Who Was Socrates, Really?

PHOTO: wikimedia

PHOTO: wikimedia

We all know Socrates as the classical Greek philosopher who is credited with being one of the main founders of modern thought. However, Socrates is a bit of a historical enigma. He never wrote anything down for himself. Instead, his thoughts and reasoning were recorded by his student, Plato. We only know what others have said about who Socrates was. To some, he was a figure, a character in books of philosophy. To others, he was the renowned teacher of the maxim “Know Thyself”. But who was Socrates, really?

Socrates the Character

“Socrates”, or various incarnations of him, are portrayed in many writers’ dramatic works, including Plato’s Apology, Crito, Phaedo, and Symposium, as well as in The Republic. The trouble with these depictions of Socrates is that they were created by his famous student, Plato, who, as one British philosopher put it, “offers an idol, a master figure, for philosophy. A Saint, a prophet of ‘the Sun-God’, a teacher condemned for his teachings as a heretic”.

However much Plato idolizes Socrates, other works paint a vastly different picture. Aristophanes’ play, The Clouds, paints Socrates in a humorous light as a man with airy indifference and his head in the clouds, far above any sort of practical reasoning.

It’s hard, then, to discern who the real Socrates is from these depictions. Is he the brilliant teacher?
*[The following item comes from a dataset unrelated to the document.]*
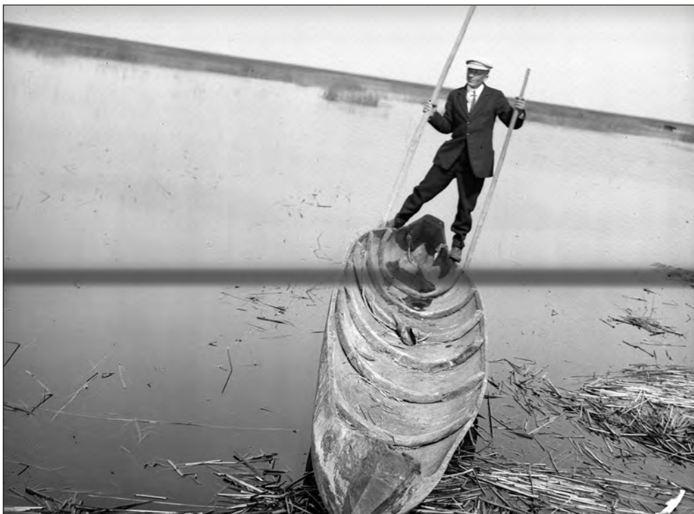
Ühepuulootsik Matsalu lahe ääres 1927. a. EFA 2-2481

Or the misguided intellectual with no grounding in reality?

It only gets muddier.

Socrates the Philosopher

While it might seem as if it’s easy to say who Socrates was in regards to philosophy (his entire existence was completely defined by the pursuit), even that gets a little bit unclear when we compare the accounts of his student Plato, contemporary Xenophon, and the playwright and contemporary, Aristophanes.

Socrates is depicted by both Plato and Aristotle as the ‘first to search for universal definitions for [moral virtue]’. According to Xenophon, Socrates regarded discussing philosophy (not teaching it) as the highest, most important occupation a man could have, and that he devoted himself to it singularly. However, according to Aristophanes, Socrates accepted payment for teaching and running a school with his colleague Chaerephon. It only gets more complex when you read in both Xenophon’s and Plato’s accounts that Socrates did not accept payment for teaching.

This fragmented, distorted view of Socrates is what’s known as the “Socratic Problem”. Is it possible to really “know” Socrates, to have an in-depth view of him and his thoughts?

Socrates the Person

PHOTO: ilgiornaleoff.com

PHOTO: ilgiornaleoff.com

Thanks to Xenophon, a reliable source of history, we know a little bit about who Socrates was in real life, and not as he existed in Plato’s books.

Socrates was born in Alopeke, close to Athens. His father was a stonemason and his mother was a midwife. Socrates, like his father, began his life working as a stonemason. When he grew older, he served in the military, participating in the Peloponnesian war during 431-404 BC.

After Athens lost to Sparta and its allies during the Peloponnesian War, Athens was in a state of political instability. Some thought that they ought to throw out the Athenian oligarchy and replace it with a true democracy. Socrates, according to some sources, was a critic of that political system. Socrates began to debate the authorities with politically incorrect questions, questioning the development of immorality in Athens at the time, and supposedly trying to turn Athens’ young people away from religion in favor of reason.

Because of this he was brought to trial at the Athenian council and sentenced to death by hemlock poison. As far as we know, he had a chance to reason himself out of death, but did not because he wanted to demonstrate that no true philosopher would fear the grave.

He died sometime during 399 BC.

That’s all we know for sure about the real Socrates. Who he was beyond the basic information is left up to everyone’s speculation. Aristophanes’ depictions are generally taken as complete satire, but one can’t entirely believe Plato, either. Perhaps the best path to learning who Socrates really was is to take every narrative of the teacher’s life with a grain of salt.